Feature - Datasets

Transforming Data Into Information!

A critical factor in the advancement of outcomes research is the ease with which data can be correctly entered, organized in meaningful ways, analyzed, and disseminated to research and healthcare staff, subjects, and the academic community. Studytrax is specifically designed to facilitate this process. The center piece of the entire analytical process is building datasets.

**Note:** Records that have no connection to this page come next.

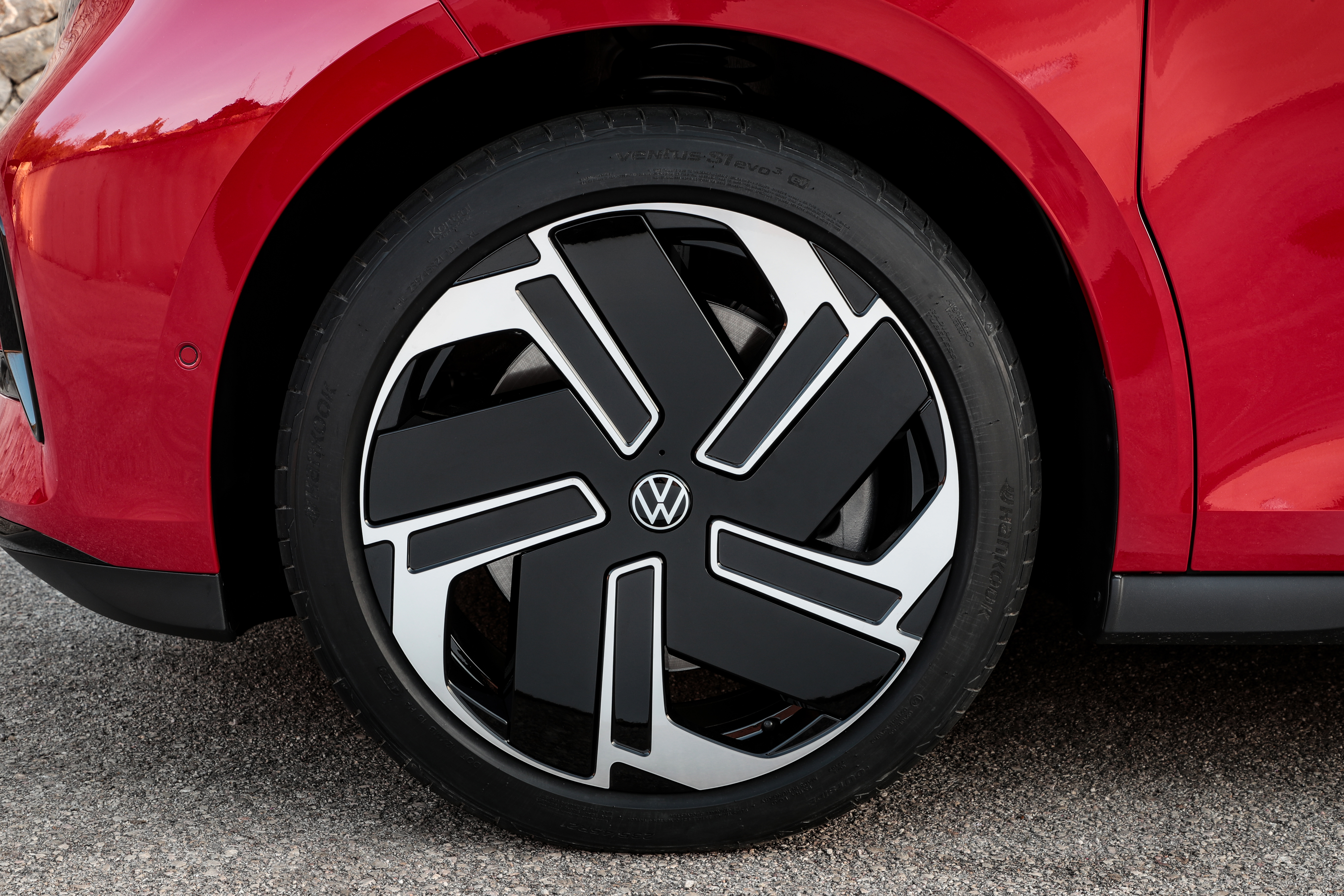 GTX exteriör. ID. Buzz GTX kännetecknas av en unik frontdesign. Stötfångaren i GTX-design med svart luftintagsgaller i bikakemönster och nya luftstyrningselement på sidorna ger bilen ett dynamiskt och distinkt utseende. Det nydesignade varselljuset är integrerat på sidorna av stötfångaren med två LED-trianglar ovanpå varandra i form av ett pilhuvud. Alla karossdetaljer som det nya luftintagsgallret, luftstyrningselementen, GTX-inskriptionen och ytterbackspegelkåporna är svarta i högblankt utförande. Dessutom ingår den nya 19-tums lättmetallfälgen Venlo i ID. Buzz GTX standardutrustning. Utbudet av GTX-fälgar kompletteras av två nya 21-tums lättmetallfälgar med beteckningarna Caracas (svart) och Townsville (svart med diamantslipad yta) och erbjuds som tillval. ID. Buzz GTX levereras med IQ.LIGHT LED-matrix strålkastare som standard.
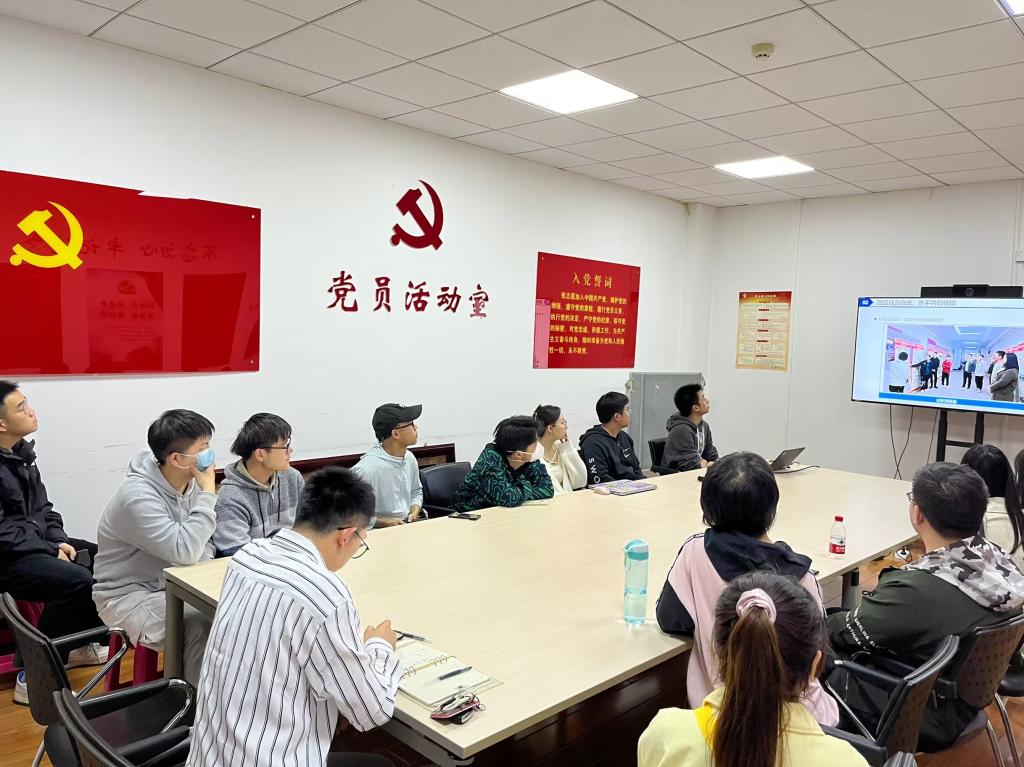 向鑫宇代表学院研究生党务中心介绍一年来的工作成效。他介绍了党务中心的组织架构以及日常开展的党务基础工作,同时着重介绍了党史知识竞赛、支部书记述职海报展等特色活动,强调党务中心的工作进一步激发了研究生向党组织靠拢的积极性,并为研究生支部工作提供了指导。
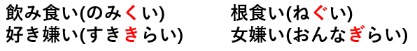 위 처럼 飲む와 食う / 好き와 嫌い는 마시다 먹다, 좋다 싫다와 같이 동등한 관계이기 때문에 연탁 현상이 일어나지 않지만 그런 경우가 아닐 때는 연탁 현상이 일어나는 것이죠.
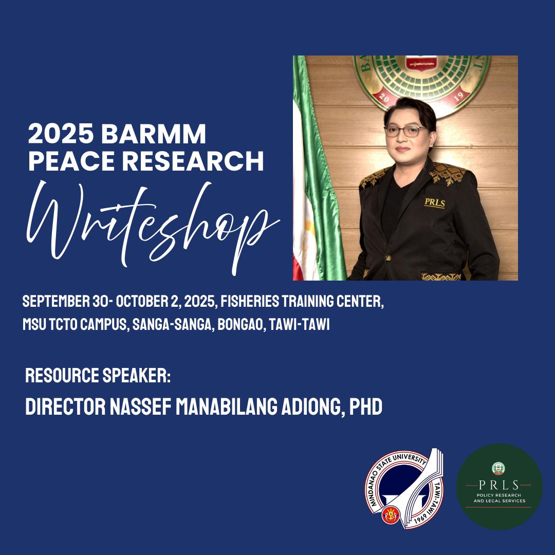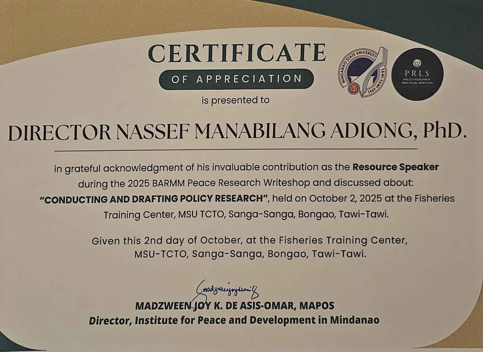 Resource speaker at the BARMM Peace Research Writeshop organized by MSU Tawi-Tawi’s Institute for Peace and Development in Mindanao held on Sept. 29-Oct. 02 at MSU Tawi-Tawi.
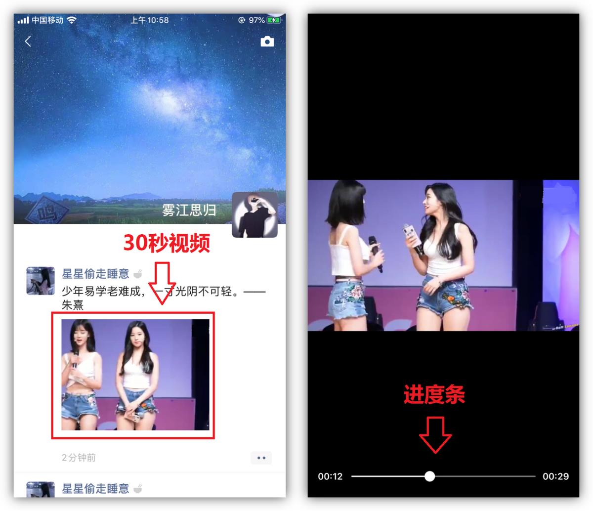 一直以来,用户都喜欢给语音增加进度条显示的功能,不过至今还未实现,到时视频进度条添加得很快,不管是聊天,还是朋友圈里的视频,都可以按照进度条调整时间进行查看。
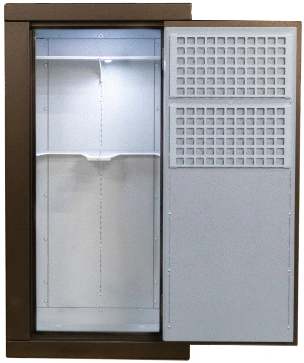 Built with uncompromising security, the Steelhead Rustic Nomad 32 features a double-wall construction with robust 12-gauge welded, powder-coated exterior panels and 20-gauge interior panels. The seven-gauge plate door (3/16″) offers top-tier protection. The safe also features a patented panel construction that includes dual-stage fire protection with 2300-degree insulation and radiation-reflecting panels, eliminating concerns about trapped moisture and corrosion. The Palusol heat-activated expanding door seal and an integrated cold smoke seal further enhance its fire-resistant capabilities.
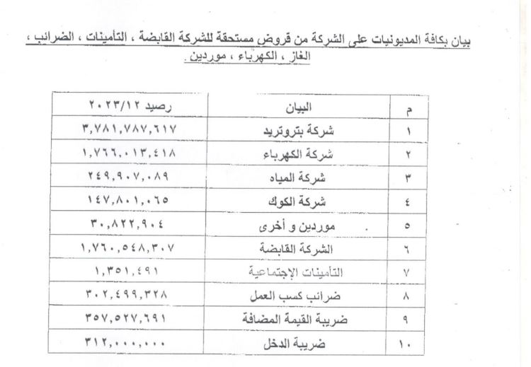 فيما سجلت الديون المستحقة للتأمينات الاجتماعية نحو 1.35 مليون جنيه، وبلغت ديون ضرائب كسب العمل نحو 302.49 مليون جنيه، وضريبة القيمة المضافة نحو 357.52 مليون جنيه، وضريبة الدخل نحو 312 مليون جنيه.
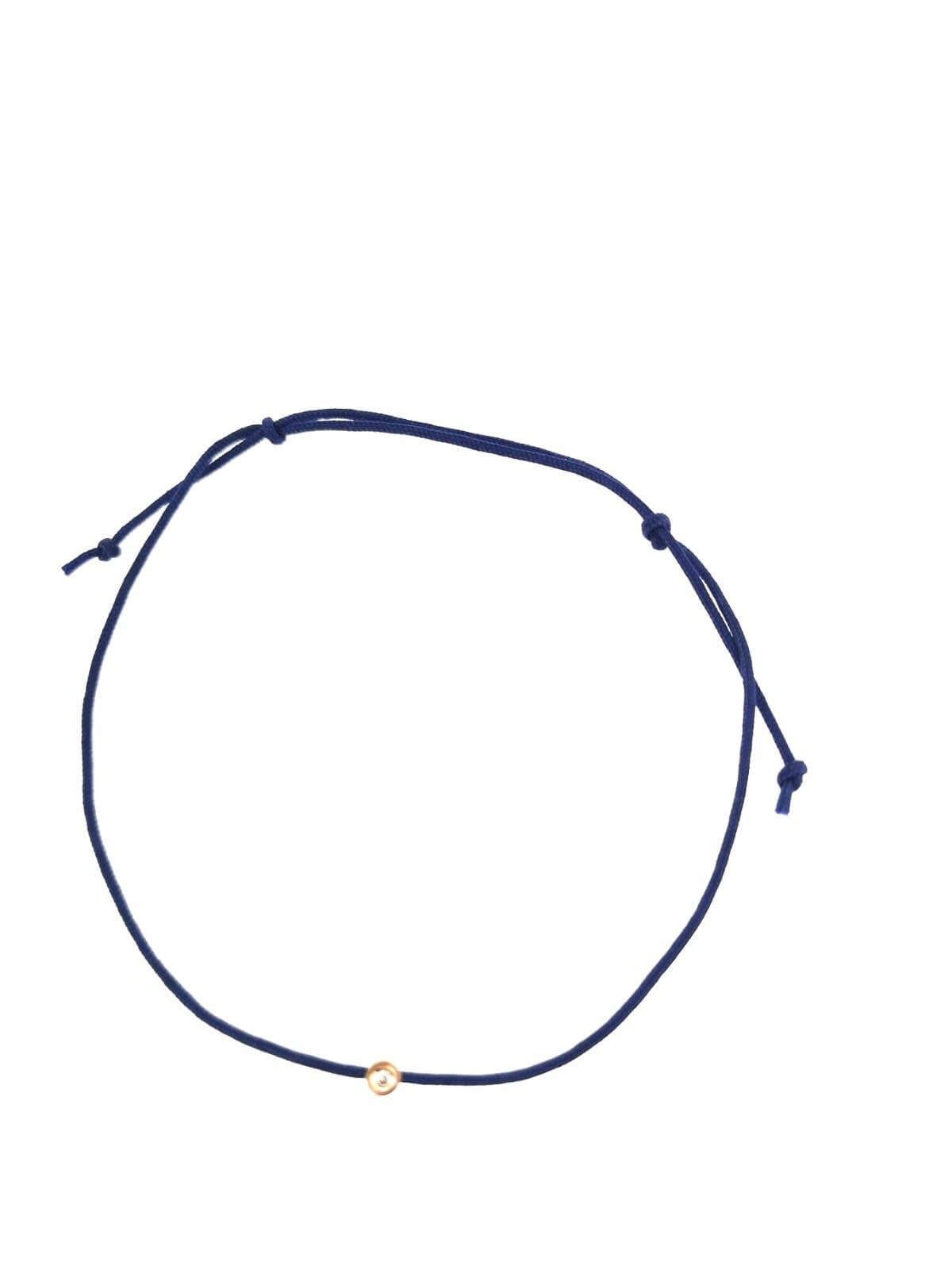 Laimę nešantis mėlynas siūlas-apyrankė su deimantu (geltonas auksas, minimalistinis)

This website is designed as a big-picture guide to functionality supporting building datasets in Studytrax. Please send any questions or feedback to support ( support@studytrax.com).

Overview

Use Studytrax to centralize the analytical process, easily create and transfer datasets, and leverage integrated analytical tools.

  • Key Features
    1. Organize analytical activities across one or more studies
    2. Build datasets using a point and click interface
    3. Datasets may contain,
      • Any variable within or across forms
        • Raw variable value
        • Recoded variables (e.g., dummy coding, collapsing 8 groups to 3 groups)
        • Calculated variables (e.g., rate of change)
      • Automatically generated system variables
        • Medication Use (automatically matched with visit date)
          • Single Medication
            • Dose
            • Ever used (0 = No, 1 = Yes)
          • Across Multiple Medications
            • Dose equivalency scale
            • Ever used any in list (0 = No, 1 = Yes)
        • Time to study events (e.g., number of days from enrollment to 'Month 3 visit')
        • Event Status (e.g., a variable coded indicate whether event due, such as, Is 'Year 3 Follow-up' due || No = 0, Yes = 1||)
        • Coded site variable
        • Randomization ID and group status
      • Filters (e.g., query of all those with a 50% or more change in the main study endpoint over time)
      • Integrated data consolidate routines (e.g., the first and last blood pressure reading for all subjects, independent of start date)
    4. Integrated data cleaning and scrubbing routines
      • Descriptive statistics
      • Outlier identification
      • More...
    5. Export to statistical packages (e.g., SPSS, SAS, Excel) or generic CSV file
  • Examples
    1. Single study dataset of all variables, forms and visits.
    2. Dataset with automatically calculated survival length and censored event variables for generating survival curves.
  • What To Consider
    1. What dataset layout (e.g., one row per subject vs. one row per subject per visit) and data transformations (e.g., recoded variables, calculated variables, etc.) would best facilitate the analytical plan?
    2. What are the planned data queries?